I dunno how you're going to make a protest in the dark and in the milling throng of 20,000 people, nor how you're going to make your escape if the protest goes pear-shaped on you and a ton of right-wing bikers descend on you and your placards....


----------



## TopCat (Jun 19, 2014)

Is there much searching of people at Avebury?


----------



## Sirena (Jun 19, 2014)

TopCat said:


> Is there much searching of people at Avebury?


Probably not but, because the 'Keeper of the Stones' (a Druid guy called Terry Dobney) is an ex-biker, Avebury is far more popular with bikers.

Bikers tend to be fans of the Britain First facebook page.  So I don't know how that would turn out.....


----------



## TopCat (Jun 19, 2014)

I am hoping my bike will squeeze into the car park. Lively discussions with Britain First types I can do without.


----------



## friedaweed (Jun 20, 2014)

DrRingDing said:


> Yea fuck the huge amounts of filth at Stonehenge. .

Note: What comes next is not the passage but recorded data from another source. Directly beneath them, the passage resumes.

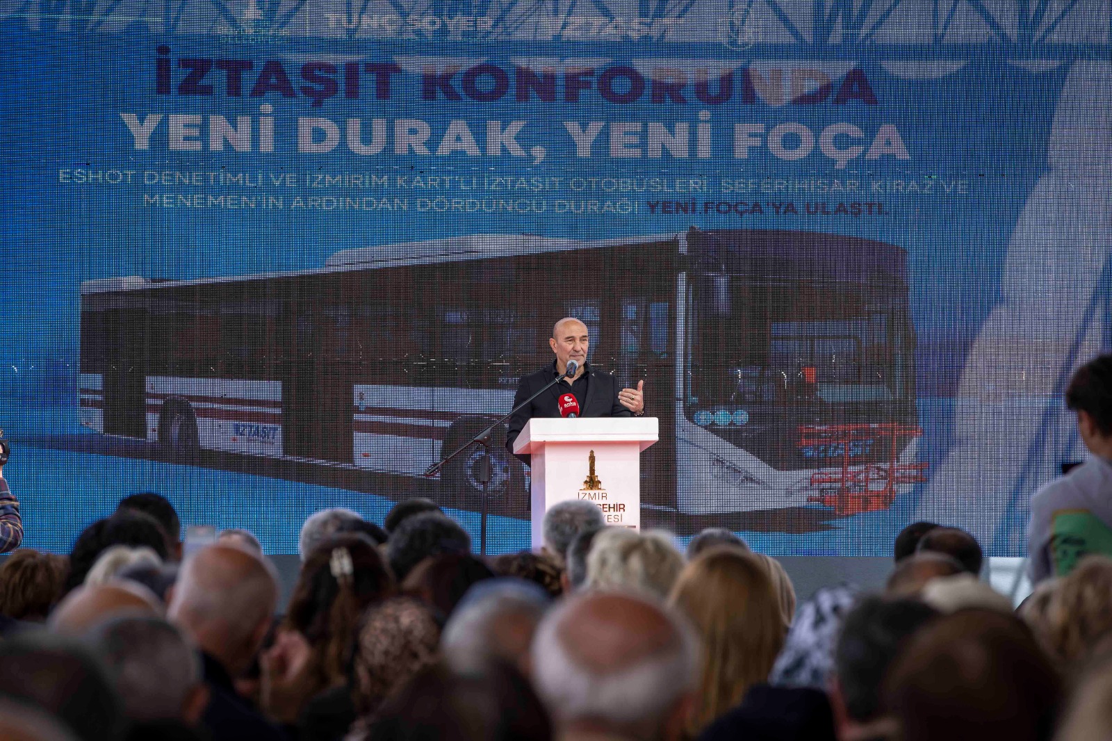 Göreve geldiği 5 yılda 500 yeni otobüs hedefi koyduğunu hatırlatan Başkan Soyer, “İZTAŞIT ve İZULAŞ araçlarıyla toplu ulaşım ağına dâhil edilen yeni araç sayımız, 616’ya ulaştı. Bugün Yeni Foça İZTAŞIT bünyesinde 20 yeni aracın da hizmete başlamasıyla birlikte bu sayı 636 olacak. Öte yandan Nisan 2019’da hayata geçirdiğimiz Halk Taşıt uygulamasıyla 174 milyon binişte İzmirlinin bütçesine 200 milyon lira destek sağladık. İzmir’de ihtiyaç duyulan bölgelere 60 yeni otobüs hattı açtık. ESHOT Genel Müdürlüğümüz, halen kent genelinde toplam 390 hatta 1300’e yakın otobüsle hizmet veriyor. Pandemiye, depremlere, sellere, ekonomik krize ve ülkemizin yaşadığı tüm felaketlere rağmen İzmirlilere verdiğimiz sözleri bir bir, adım adım yerine getiriyoruz ve buna devam edeceğiz” şeklinde konuştu.
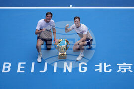 Harri Heliovaara of Finland, right and Henry Patten of Britain celebrate with their trophy after defeating Andrey Rublev and Karen Khachanov of Russia in the men's doubles final match for the China Open tennis tournament in Beijing on Wednesday, Oct. 1, 2025. (AP Photo/Mahesh Kumar A.)
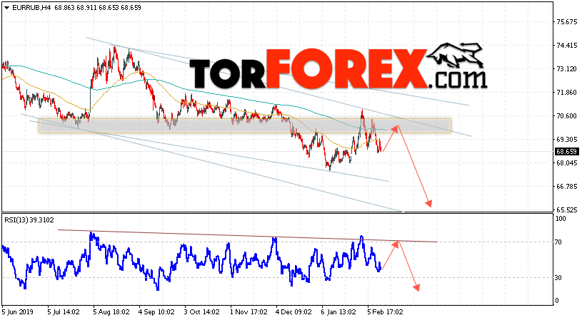 Дополнительным сигнальном в пользу падения валютной пары EUR/RUB на Форекс выступит тест нисходящей линии тренда на индикаторе относительной силы. Вторым сигналом в пользу падения курса европейской валюты станет отскок от верхней границы нисходящего канала. Отменой варианта снижения валютной пары EUR/RUB на Форекс 14 февраля 2020 станет сильный рост и пробой уровня 71.05 Евро за Рубль. Это укажет на пробой области сопротивления и продолжение роста пары Евро Рубль в область выше уровня 73.65. Подтверждением падения валютной пары выступит пробой области поддержки и закрытие котировок инструмента под уровнем 67.65.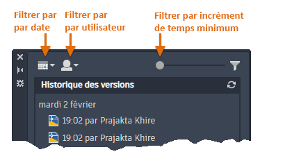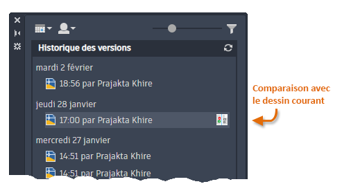 Lorsque vous vous connectez, la palette Historique du dessin s'affiche avec la liste des versions antérieures du dessin.

Totally agree. Some of them hippy folks haven't washed for months


----------



## malatesta32 (Jun 20, 2014)

beanfield:
http://www.bbc.co.uk/news/uk-england-27405147
'I suppose one would call them anarchists'


----------



## Sirena (Jun 29, 2014)




----------



## treelover (Jun 29, 2014)

malatesta32 said:


> beanfield:
> http://www.bbc.co.uk/news/uk-england-27405147
> 'I suppose one would call them anarchists'




one day there may be an enquiry, the images clearly show police numbers, etc.


----------



## Sweet FA (Jun 29, 2014)

Sirena said:


>


"Thor you little sod, get off that sacred stone!"


----------



## malatesta32 (Jun 30, 2014)

treelover said:


> one day there may be an enquiry, the images clearly show police numbers, etc.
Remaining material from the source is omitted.